• [PROBLEM TO WORK ON] Retype, word for word, every line from the one holding "4区を務めたのは青学大で唯一" through the one holding "Postcard of the" in the entries below, both included, and only those lines.

• [DATA]

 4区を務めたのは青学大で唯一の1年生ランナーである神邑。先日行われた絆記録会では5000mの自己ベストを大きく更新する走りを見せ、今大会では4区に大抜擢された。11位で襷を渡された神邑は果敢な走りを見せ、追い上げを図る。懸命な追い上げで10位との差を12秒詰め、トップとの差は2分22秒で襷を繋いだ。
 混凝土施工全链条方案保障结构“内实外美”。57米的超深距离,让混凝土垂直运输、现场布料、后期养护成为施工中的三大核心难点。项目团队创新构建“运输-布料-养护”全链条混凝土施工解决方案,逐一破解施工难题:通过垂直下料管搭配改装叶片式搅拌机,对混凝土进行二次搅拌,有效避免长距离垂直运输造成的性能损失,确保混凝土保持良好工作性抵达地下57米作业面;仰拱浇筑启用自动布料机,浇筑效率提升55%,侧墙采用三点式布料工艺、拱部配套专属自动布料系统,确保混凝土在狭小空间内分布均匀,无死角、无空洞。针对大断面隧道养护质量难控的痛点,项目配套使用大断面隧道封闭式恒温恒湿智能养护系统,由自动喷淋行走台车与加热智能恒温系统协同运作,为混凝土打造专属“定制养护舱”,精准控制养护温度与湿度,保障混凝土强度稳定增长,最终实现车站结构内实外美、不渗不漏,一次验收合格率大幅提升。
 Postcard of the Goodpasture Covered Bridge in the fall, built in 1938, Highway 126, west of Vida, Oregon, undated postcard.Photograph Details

...

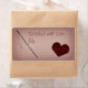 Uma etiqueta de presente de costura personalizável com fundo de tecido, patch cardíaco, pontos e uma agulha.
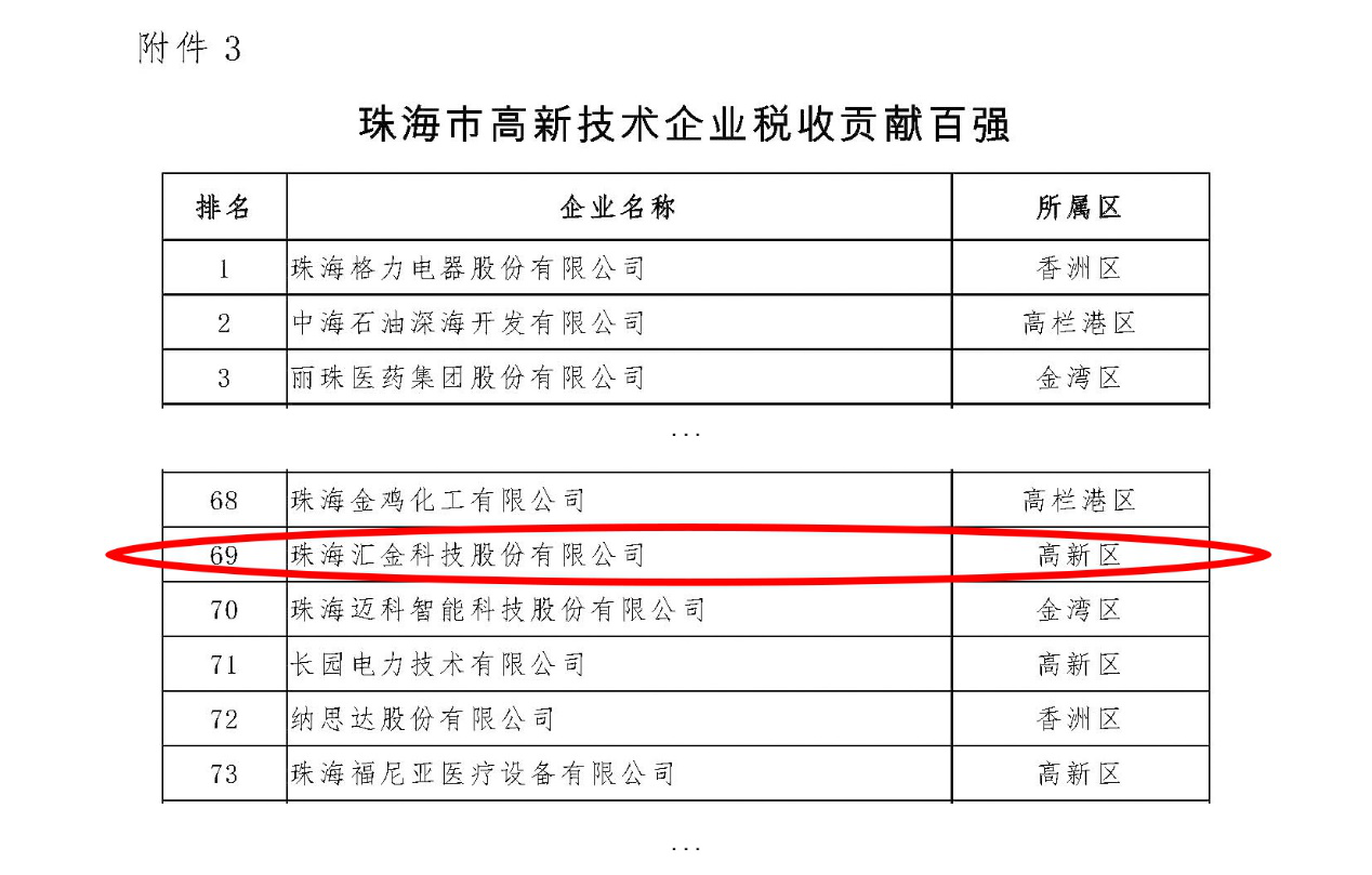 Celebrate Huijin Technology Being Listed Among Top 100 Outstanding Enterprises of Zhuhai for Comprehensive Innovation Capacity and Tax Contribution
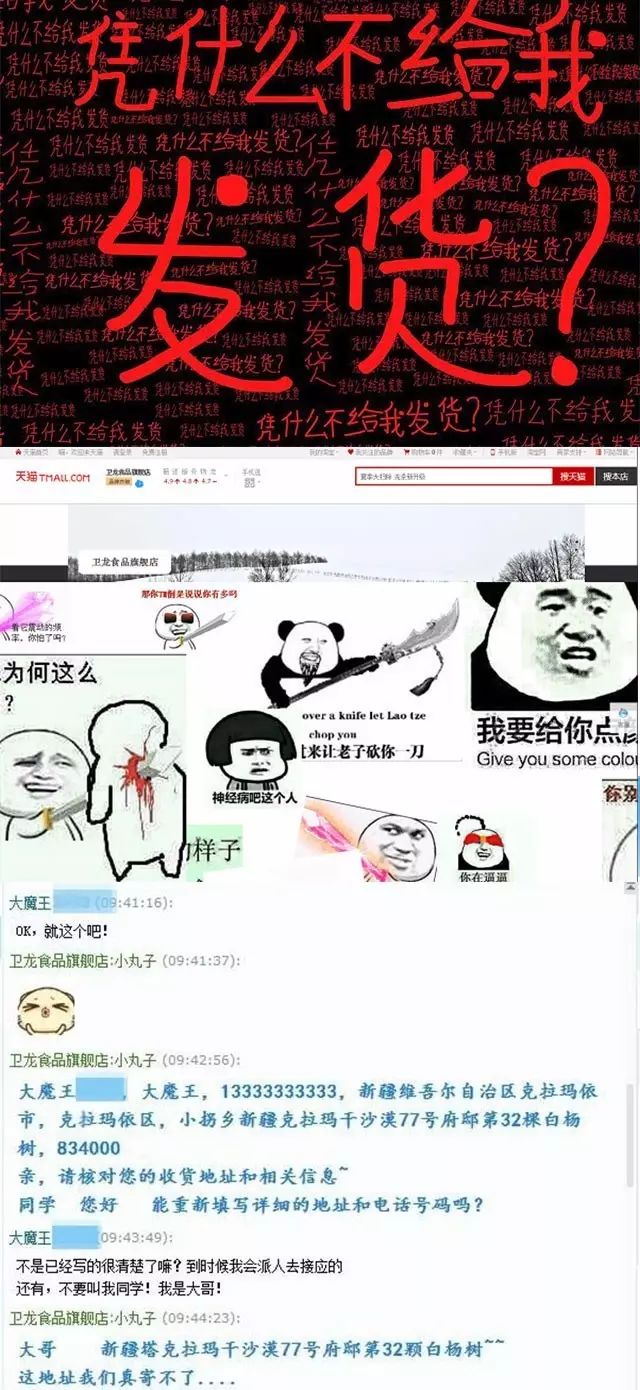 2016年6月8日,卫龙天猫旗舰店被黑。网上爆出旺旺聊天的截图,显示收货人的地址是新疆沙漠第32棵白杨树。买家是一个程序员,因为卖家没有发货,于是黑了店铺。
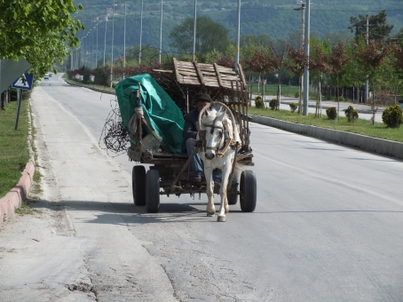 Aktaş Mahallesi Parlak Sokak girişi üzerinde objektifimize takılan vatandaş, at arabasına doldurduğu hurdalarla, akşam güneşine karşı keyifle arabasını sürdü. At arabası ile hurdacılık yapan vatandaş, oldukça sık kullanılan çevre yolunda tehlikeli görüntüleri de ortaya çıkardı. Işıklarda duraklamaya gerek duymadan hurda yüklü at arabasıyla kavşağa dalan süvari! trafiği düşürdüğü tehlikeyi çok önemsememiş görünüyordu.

...

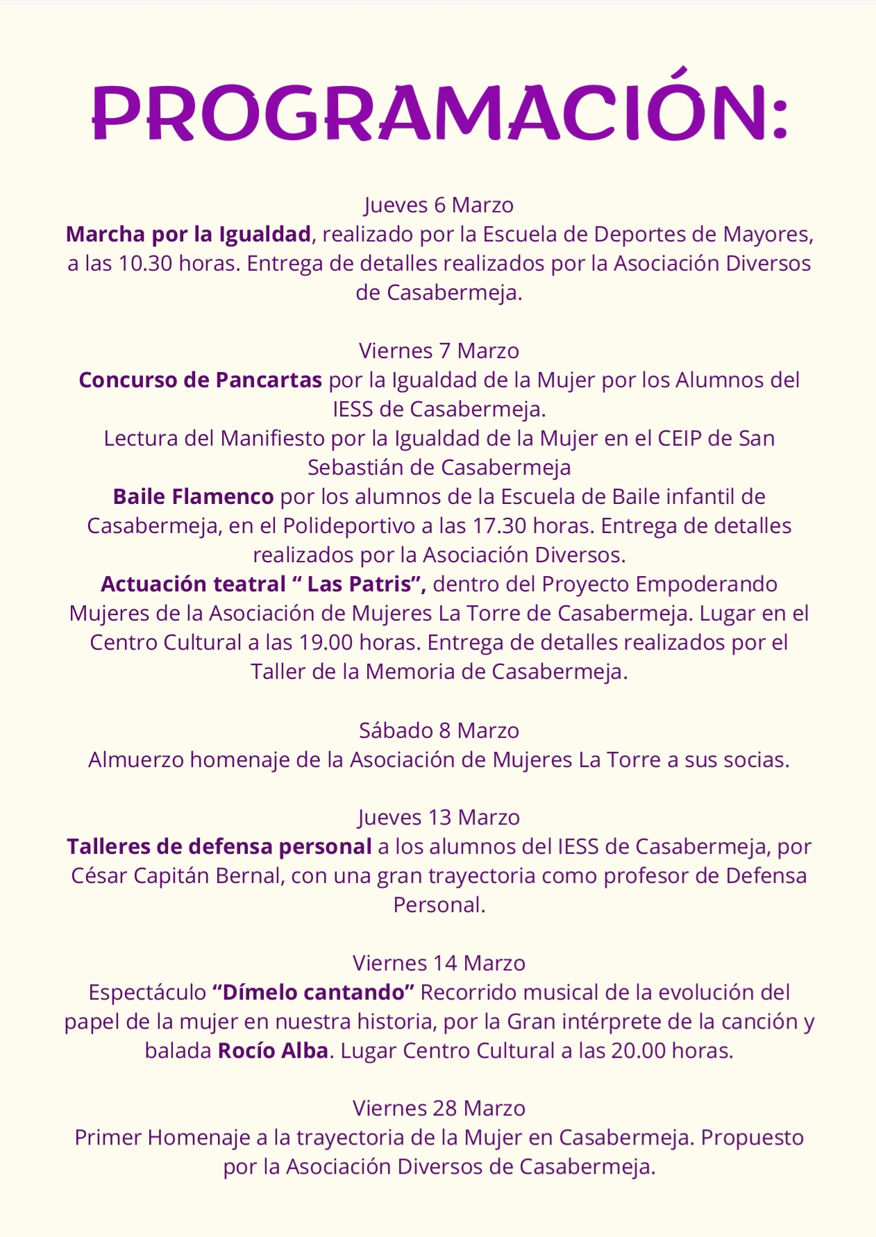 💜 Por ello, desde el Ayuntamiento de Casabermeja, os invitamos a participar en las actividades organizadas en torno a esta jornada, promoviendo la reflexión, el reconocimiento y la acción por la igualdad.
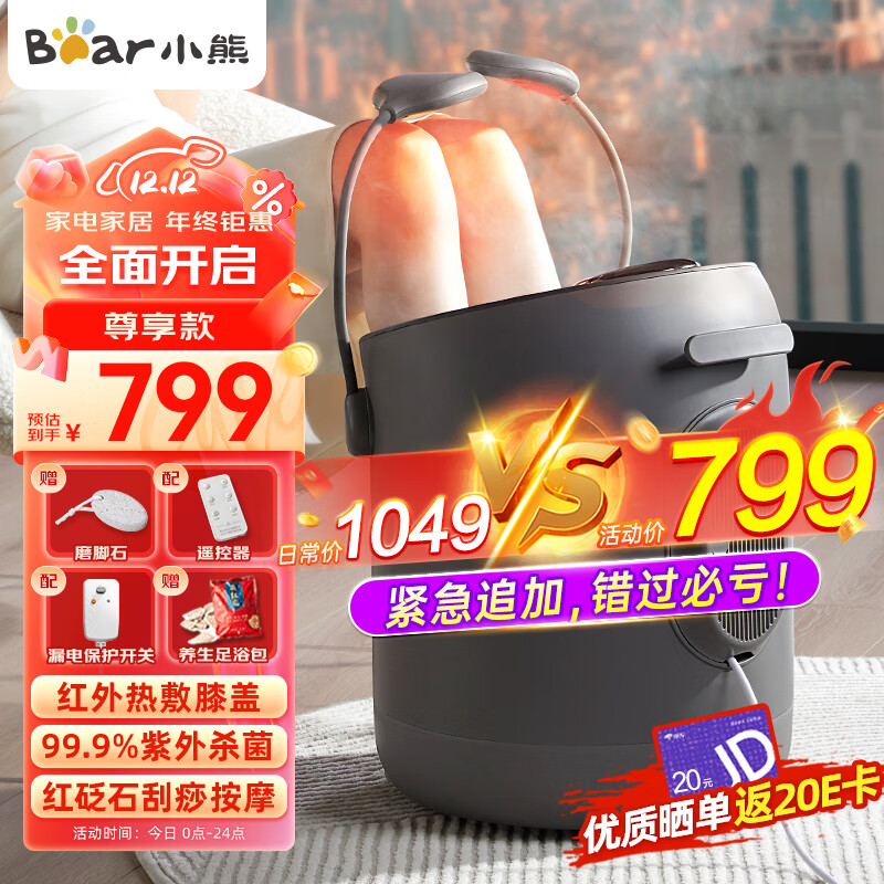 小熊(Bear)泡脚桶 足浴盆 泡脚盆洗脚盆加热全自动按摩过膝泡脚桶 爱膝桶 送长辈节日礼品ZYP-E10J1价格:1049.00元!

• [RESULT OF THIS EXERCISE]
 4区を務めたのは青学大で唯一の1年生ランナーである神邑。先日行われた絆記録会では5000mの自己ベストを大きく更新する走りを見せ、今大会では4区に大抜擢された。11位で襷を渡された神邑は果敢な走りを見せ、追い上げを図る。懸命な追い上げで10位との差を12秒詰め、トップとの差は2分22秒で襷を繋いだ。
 混凝土施工全链条方案保障结构“内实外美”。57米的超深距离,让混凝土垂直运输、现场布料、后期养护成为施工中的三大核心难点。项目团队创新构建“运输-布料-养护”全链条混凝土施工解决方案,逐一破解施工难题:通过垂直下料管搭配改装叶片式搅拌机,对混凝土进行二次搅拌,有效避免长距离垂直运输造成的性能损失,确保混凝土保持良好工作性抵达地下57米作业面;仰拱浇筑启用自动布料机,浇筑效率提升55%,侧墙采用三点式布料工艺、拱部配套专属自动布料系统,确保混凝土在狭小空间内分布均匀,无死角、无空洞。针对大断面隧道养护质量难控的痛点,项目配套使用大断面隧道封闭式恒温恒湿智能养护系统,由自动喷淋行走台车与加热智能恒温系统协同运作,为混凝土打造专属“定制养护舱”,精准控制养护温度与湿度,保障混凝土强度稳定增长,最终实现车站结构内实外美、不渗不漏,一次验收合格率大幅提升。
 Postcard of the Goodpasture Covered Bridge in the fall, built in 1938, Highway 126, west of Vida, Oregon, undated postcard.Photograph Details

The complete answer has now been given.